Examining the Dashboard: We began ranking dashboards to determine which ones have the best widgets, access, and overall visibility. A few key questions we considered were: Is the dashboard readable when it needs to be? Is it actionable? Is it being used? In a recent blog article, Adrian Howard provided a great set of questions to further filter dashboards systematically.

Using Golden Signals: We used our golden signals dashboard to track traffic, error rates, and other business metrics. The four golden signals are traffic, delays, saturation, and errors. Latency measures response times; saturation records resource utilization; errors track failed requests; and traffic measures demand. This facilitates the process for on-call engineers to assess the health of the system and understand the implications of any changes or issues.
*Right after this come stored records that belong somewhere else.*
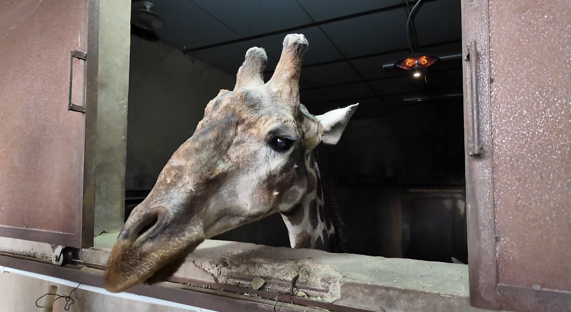 1月15日上午,記者來到云南野生動(dòng)物園長(zhǎng)頸鹿館。這里的長(zhǎng)頸鹿都來自非洲,難以適應(yīng)昆明冬天的寒冷。但在館舍內(nèi),記者看到屋頂亮著一盞保溫?zé)?,地上鋪著厚厚的稻草。一頭長(zhǎng)頸鹿正在館內(nèi)休息,見到眾人前來,它顯得有些緊張。動(dòng)物園工作人員介紹說:“長(zhǎng)頸鹿原產(chǎn)于非洲,比較怕冷,所以我們?yōu)樗鼈儼惭b了恒溫設(shè)備,保證室內(nèi)溫度在25℃左右。鋪設(shè)厚稻草則是為了防止長(zhǎng)頸鹿四肢直接接觸冰冷的地面。這樣它們就能舒適生活了?!?/p>
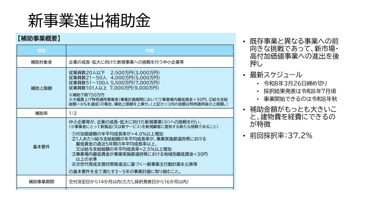 既存事業とは異なる分野への進出や、新市場・高付加価値事業への挑戦を支援する補助金です。
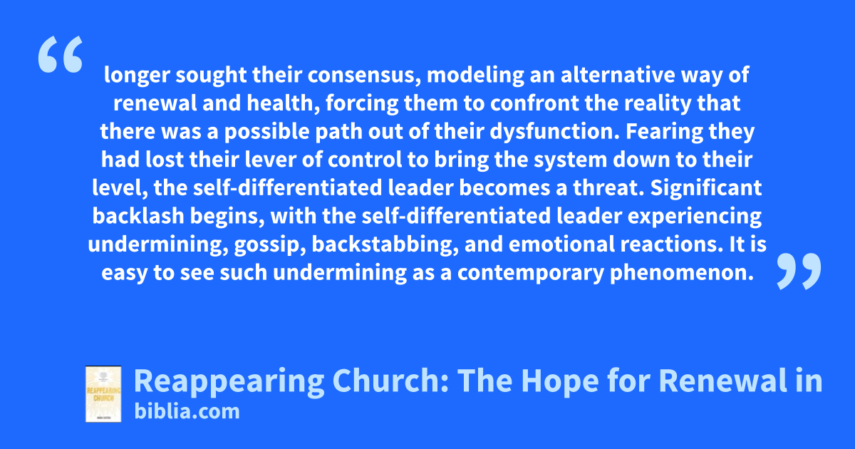 longer sought their consensus, modeling an alternative way of renewal and health, forcing them to confront the reality that there was a possible path out of their dysfunction. Fearing they had lost their lever of control to bring the system down to their level, the self-differentiated leader becomes a threat. Significant backlash begins, with the self-differentiated leader experiencing undermining, gossip, backstabbing, and emotional reactions. It is easy to see such undermining as a contemporary phenomenon.

Step 3: Increasing awareness

After the team developed a thorough understanding of our deployments, flow, and health data, we began searching for further areas to optimize.

Recognizing and Monitoring Your Dependencies: Understanding upstream and downstream dependencies is essential for incident response. We created architecture diagrams to make the information flow easier for everyone to understand. These diagrams demonstrated how different components interact, such as services A, B, and C, where service A depends on service B, and service B depends on service C. We then installed dashboards to monitor these dependencies, allowing us to quickly identify and address any unusual activity. This made monitoring interdependencies within the system simpler.
Communication Regarding Dependencies: In the event of an emergency, we ensured that each engineer knew how to contact the teams and services they relied on.
Runbooks: We improved our runbooks by making them more accessible. Each runbook included sufficient details and example scenarios to enable experienced on-call engineers to start resolving problems immediately.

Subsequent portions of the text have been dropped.